THEATRE REVIEW: Jamie Lloyd’s Evita starring Rachel Zegler at the London Palladium

By Neil Durham

WORTH A LOOK?: *****

WHEN? Saturday 14 June, opens 27 June and runs through 6 September 2025 RUNTIME: 150 minutes (with a 20-minute interval)

Zegler may be best known currently as a film star (West Side Story and more recently Snow White) but that is all about to change as she is absolutely sensational in this debut London stage role.

  • Read on for reasons including why this is London’s must-see musical of the moment

Director Jamie Lloyd brought his original production of Andrew Lloyd Webber’s Evita to Regent’s Park Open Air Theatre in 2019.

The cast has changed but the concept remains the same with numbers performed energetically by a youthful, all-singing, all-dancing cast so on point that the effect is like watching high quality pop music videos on repeat on a stage with steps leading up to the orchestra area.

This week Lloyd’s production of Sunset Boulevard won 3 Tonys, including for Nicole Scherzinger as a Best Performance By An Actress In A Leading Role In A Musical, and this Evita is very much in keeping with the spirit of that.

What the Regent’s Park production didn’t have was what appeared to be a pre-filmed, although it may have been live, backstage at the Palladium performance of arguably the show’s best loved song Don’t Cry For Me Argentina which then goes out from the venue’s public balcony looking out onto central London.
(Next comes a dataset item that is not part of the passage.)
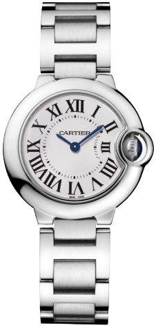 Stainless steel case with a stainless steel link bracelet. Fixed stainless steel bezel. Silver opaline dial with blued steel hands and black Roman numeral hour hour markers. Minute markers on an inner ring. Battery operated Swiss quartz movement. Scratch resistant anti-reflective sapphire crystal. Fluted crown set with synthetic cabochon. Solid case back. Case diameter: 28 mm. Case thickness: 9.5 mm. Deployment clasp. Water resistant at 30 meters / 100 feet. Functions: hours, minutes. Cartier Ballon Bleu de Cartier Ladies Watch W69010Z4.

It could have been epic but we felt it might have been more impactful had it been from a box inside the theatre but there’s no denying the effect it has on opening out the show played on a giant video screen in front of the orchestra allowing Zegler’s Evita to emerge cleverly from behind it singing next number High Flying, Adored.
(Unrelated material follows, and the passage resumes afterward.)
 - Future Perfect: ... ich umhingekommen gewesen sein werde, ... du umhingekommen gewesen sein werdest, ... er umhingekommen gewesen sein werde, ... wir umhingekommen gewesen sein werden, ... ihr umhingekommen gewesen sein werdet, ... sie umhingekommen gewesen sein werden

Evita‘s a demanding role and Lloyd’s production requires Zegler to both sing and dance with extremely complex choreography but we were wowed by the superb diction, strong singing voice and mesmerising charisma Zegler brought to the role.

We couldn’t take our eyes off her despite the strong performance by Diego Andres Rodriguez as narrator Che who ends the show in only his boxer shorts and covered in paint representing the colours of the Argentinian flag as doubts are raised over the actions of our heroine.

Evita, of course, is based on the true tale of the rise and fall of an Argentinian dictator’s wife who rails against the Establishment while becoming beloved by the public.

We still think it’s odd subject matter but the show is filled with banger after banger, very unusual for Andrew Lloyd Webber, and while the uptempo nature of the musical elevates lesser known tracks like the new in town Buenos Aires our own favourites like the seductive I’d Be Surprisingly Good For You are still well showcased.

We still love the sinister balloon popping of the original Regent’s Park Theatre production which remains here but it is the showstopping performance by Zegler that makes this London’s must-see musical of the moment.